GIVEN INFORMATION:
== == ==

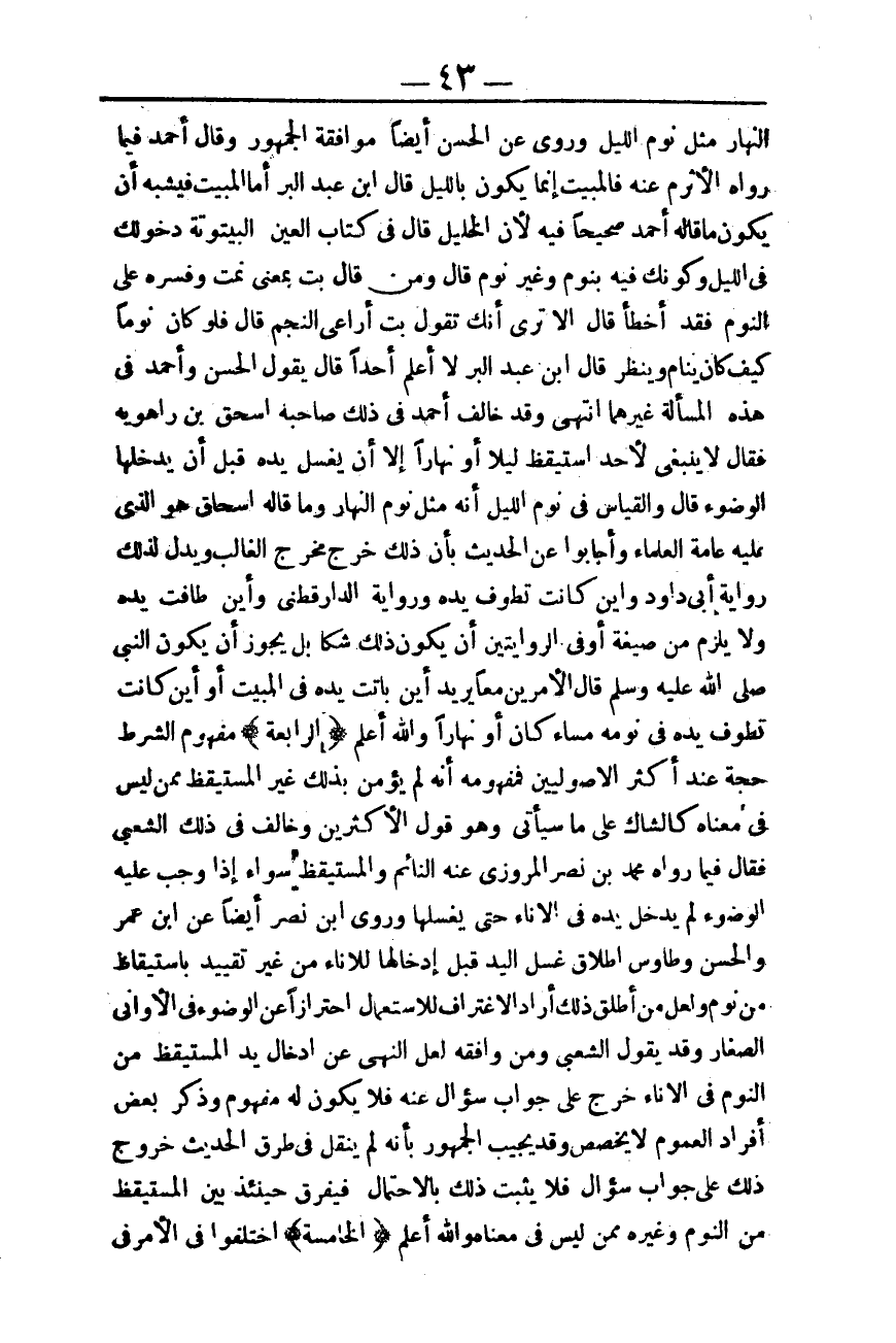 وَمَا قَالَهُ إِسْحَاقُ هُوَ الَّذِي عَلَيْهِ عَامَّةُ الْعُلَمَاءِ وَأَجَابُوا عَنْ الْحَدِيثِ بِأَنَّ ذَلِكَ خَرَجَ مَخْرَجَ الْغَالِبِ وَيَدُلُّ لِذَلِكَ رِوَايَةُ أَبِي دَاوُد «وَأَيْنَ كَانَتْ تَطُوفُ يَدُهُ» وَرِوَايَةُ الدَّارَقُطْنِيِّ «وَأَيْنَ طَافَتْ يَدُهُ» وَلَا يَلْزَمُ مِنْ صِيغَةٍ أَوْ فِي الرِّوَايَتَيْنِ أَنْ يَكُونَ ذَلِكَ شَكًّا بَلْ يَجُوزُ أَنْ يَكُونَ النَّبِيُّ - صَلَّى اللَّهُ عَلَيْهِ وَسَلَّمَ - قَالَ الْأَمْرَيْنِ مَعًا يُرِيدُ أَيْنَ بَاتَتْ يَدُهُ فِي الْمَبِيتِ أَوْ أَيْنَ كَانَتْ تَطُوفُ يَدُهُ فِي نَوْمِهِ مَسَاءً كَانَ أَوْ نَهَارًا وَاَللَّهُ أَعْلَمُ.
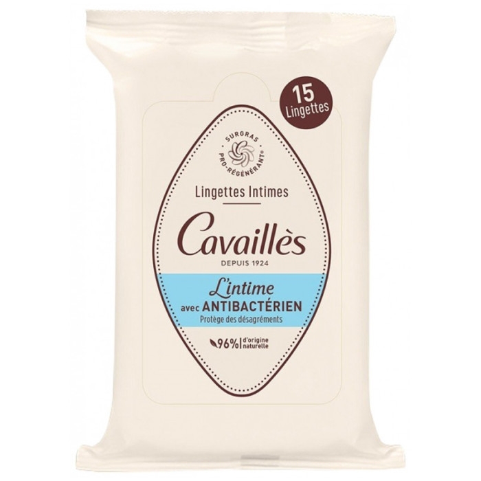 Cavaillès Lingettes Intimes Antibactérien 15 lingettes sont des lingettes sans rinçage, pour l'hygiène intime. Elles sont enrichies en prébiotique, surgras végétal pro-régénérant et extraits de thym antibactérien.
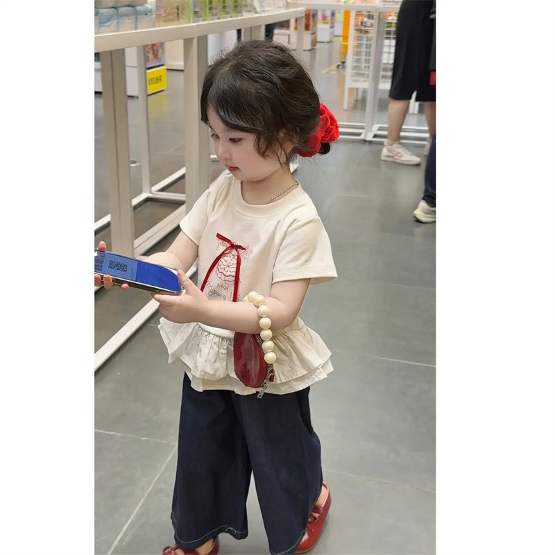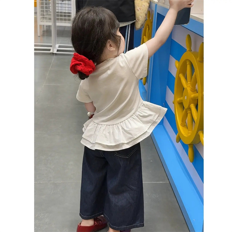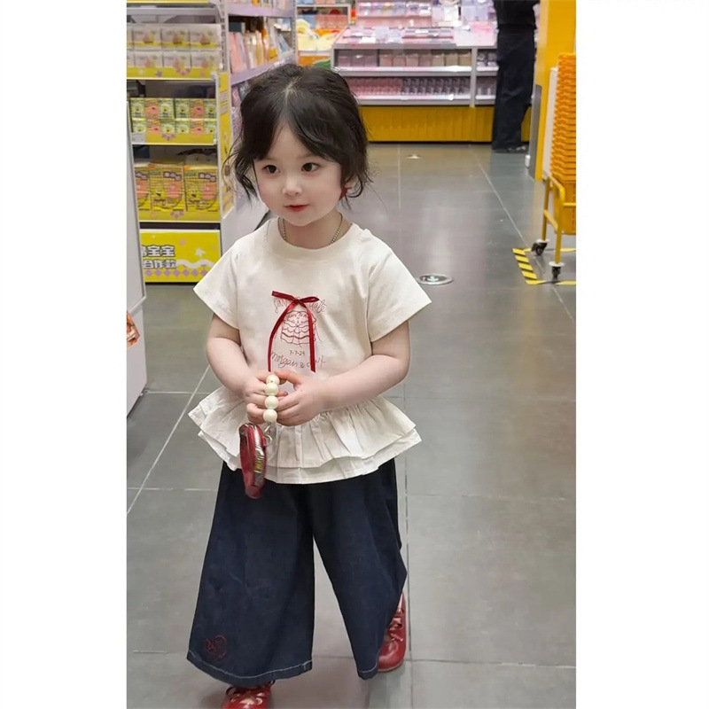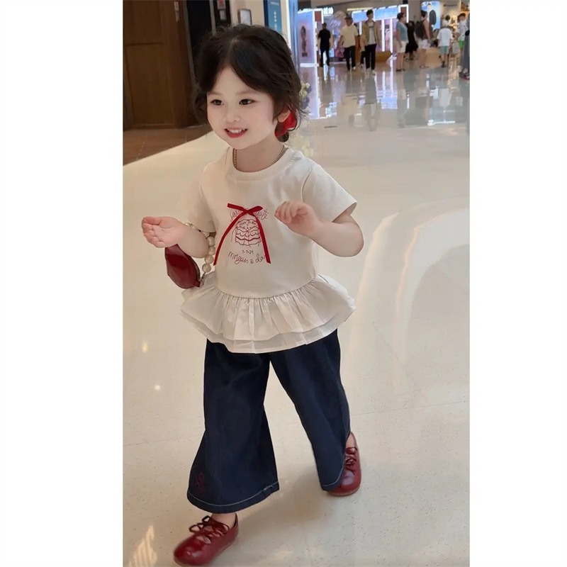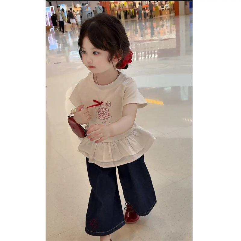 닝리 브랜드 아동복 소녀 여름 티셔츠 새로운 어린 소녀 달콤한 활 더블 레이스 짧은 소매 탑스토어 가기

== == ==

Print the data again, word for word, without any pictures.

RESULT FOR THIS TASK:
 وَمَا قَالَهُ إِسْحَاقُ هُوَ الَّذِي عَلَيْهِ عَامَّةُ الْعُلَمَاءِ وَأَجَابُوا عَنْ الْحَدِيثِ بِأَنَّ ذَلِكَ خَرَجَ مَخْرَجَ الْغَالِبِ وَيَدُلُّ لِذَلِكَ رِوَايَةُ أَبِي دَاوُد «وَأَيْنَ كَانَتْ تَطُوفُ يَدُهُ» وَرِوَايَةُ الدَّارَقُطْنِيِّ «وَأَيْنَ طَافَتْ يَدُهُ» وَلَا يَلْزَمُ مِنْ صِيغَةٍ أَوْ فِي الرِّوَايَتَيْنِ أَنْ يَكُونَ ذَلِكَ شَكًّا بَلْ يَجُوزُ أَنْ يَكُونَ النَّبِيُّ - صَلَّى اللَّهُ عَلَيْهِ وَسَلَّمَ - قَالَ الْأَمْرَيْنِ مَعًا يُرِيدُ أَيْنَ بَاتَتْ يَدُهُ فِي الْمَبِيتِ أَوْ أَيْنَ كَانَتْ تَطُوفُ يَدُهُ فِي نَوْمِهِ مَسَاءً كَانَ أَوْ نَهَارًا وَاَللَّهُ أَعْلَمُ.
 Cavaillès Lingettes Intimes Antibactérien 15 lingettes sont des lingettes sans rinçage, pour l'hygiène intime. Elles sont enrichies en prébiotique, surgras végétal pro-régénérant et extraits de thym antibactérien.
 닝리 브랜드 아동복 소녀 여름 티셔츠 새로운 어린 소녀 달콤한 활 더블 레이스 짧은 소매 탑스토어 가기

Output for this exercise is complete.